PW4, the doctor who examined the complainant also saw remarks in the treatment notes that the complainant was mentally challenged and attended a school for the mentally challenged. PW1 however testified on oath, and recalled that the appellant, whom she called Muriithi took her to his house, moved her pant put her on the bed and penetrated her private parts (the thing she uses to urinate) with the thing he uses to urinate. She was cross examined and the answers were clear and the evidence consistent. I have no doubt that she was truthful.
Although the P3 form was filled 2 years later at the time of hearing, yet the investigating officer explained that he overlooked the taking of the P3 to the doctor. But all was not lost. The complainant was taken for treatment and was examined on the same night she was found in the appellant’s house, that is, 30/11/2014. The PCR forms were produced in evidence )(Ex.3) on examination, the complainant had no injuries to her genitalia but the hymen was broken and the doctor was of the view that there was evidence of vaginal penetration. Because the complainant was examined soon after the act, the officer who examined her in hospital was in a position to tell whether or not she had taken part in a sexual act. The police could have done even better had they taken the appellant’s specimens for analysis but they did not. That notwithstanding, the offence took place during the day after PW1 left church. PW2 and 3 found PW1 in the appellant’s house on the same day about 7.00 p.m. The appellant did not manage to get away but was arrested at the scene.
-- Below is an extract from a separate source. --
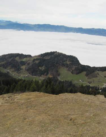 Vom Gipfel des Portlahorn erfolgt der Abstieg in Richtung Stofel (Grillplatz) und Oberdamülser Alpe. Auf einem breiten Weg geht es zurück nach Oberdamüls und anschließend ins Kirchdorf Damüls.

In his defence, the appellant did confirm that he was arrested at his home and that indeed the complainant was present at his home when PW2 and 3 with members of public found him.
The appellant claimed to have disagreed with one Gichimo in a bar and that he went to his home that day with others including PW2. He denied having seen PW2 before. Even if the appellant had disagreed with some other man whom he named as Gichimo there is no reason why PW1, 2 & 3 would have framed him with this offence. The name Gichimo only surfaced during the defence. The appellant had not alluded to it during cross examination of the prosecution witnesses when they could have refuted or confirmed the allegations. The appellant’s narration of the events leading to his arrest are not convincing at all and the defence does not raise any doubt in the prosecution case.
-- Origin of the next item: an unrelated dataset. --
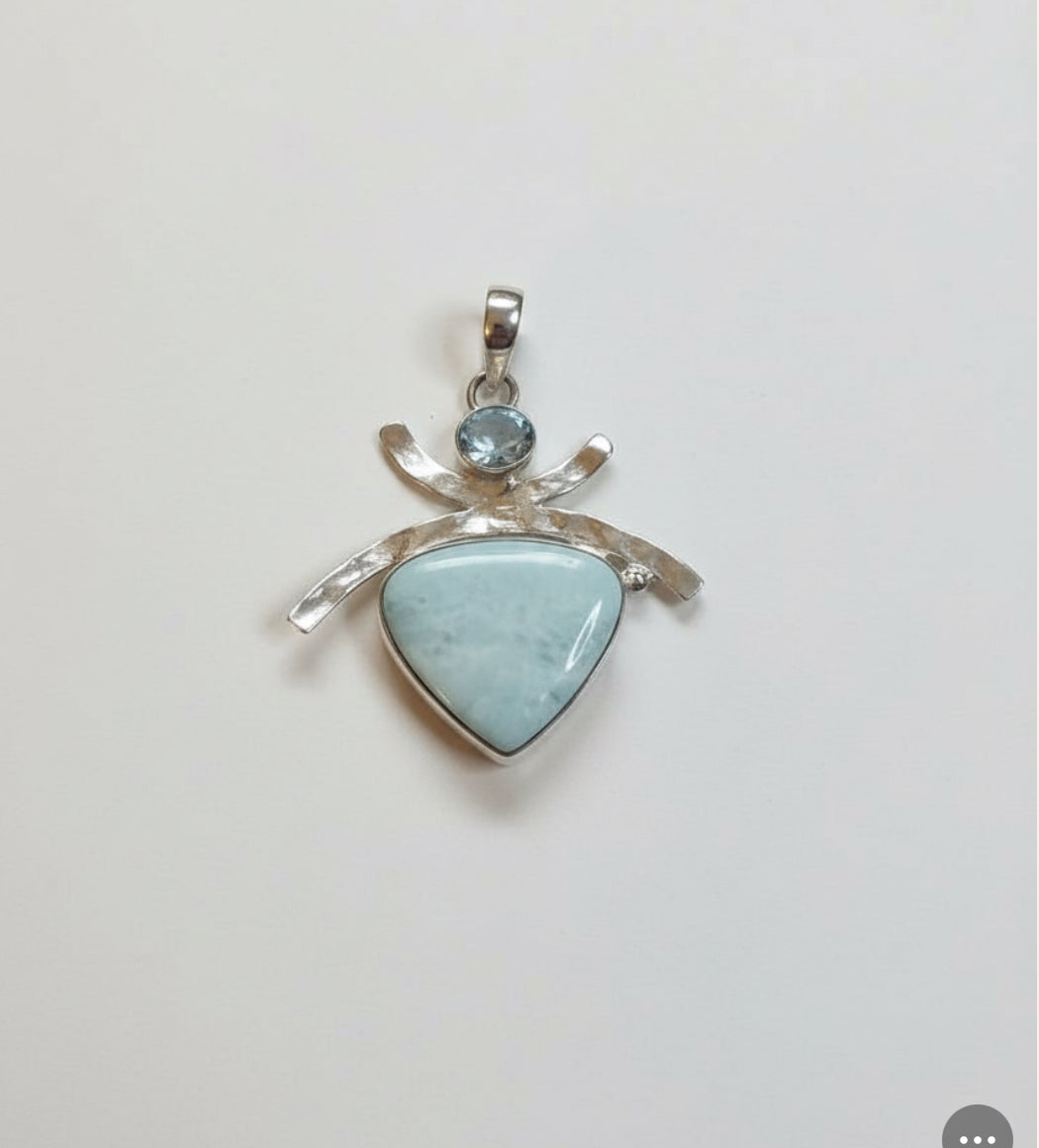 This elegant pendant features a smooth, triangular larimar cabochon in soft ocean-blue tones, accented above by a sparkling blue topaz. Set in polished 925 sterling silver with an artistic, openwork design, the piece captures a light, airy feel inspired by sea and sky. A refined yet organic pendant perfect for everyday wear or layering.

DW2 who was called as a witness arrived at the scene after the appellant had been arrested and could not tell which transpired that led to the appellant’s arrest.
I find that there was overwhelming evidence on record that the complainant was found in the appellant’s house by her parents (PW2 & 3) who were searching for her. PW1 was examined on same day and found to have taken part in a sexual act. PW1 was aged 20 years though mentally challenged. She could therefore not have capacity to consent to such an act. PW1 ably narrated what the appellant did to her. The appellant and complainant lived in the neighborhood and I believe that the appellant knew PW1 and took advantage of her mental impairment as she was incapable of appreciating the nature of the act.
I am satisfied that the trial court arrived at the correct finding having analyzed all the evidence. The conviction is well founded and the court finds no good reason to disturb it.
The appellant complained that the sentence is harsh. The appellant was sentenced to serve 8 years imprisonment which in my view is an illegal sentence under Section 3(3) of the Sexual Offences Act. Upon conviction under Section 3(1) of the Sexual Offences Act, one is liable to imprisonment to not less than 10 years imprisonment.
I hereby set aside the unlawful sentence of 8 years imprisonment and instead substitute it with the minimum sentence under the section which is 10 years imprisonment.
The appellant will serve the said prison sentence of 10 years from the date of sentence on 28/12/2016. In the end, I dismiss the appeal in its entirety.
Dated, Signed and Delivered at NYAHURURU this 11th day of December, 2018.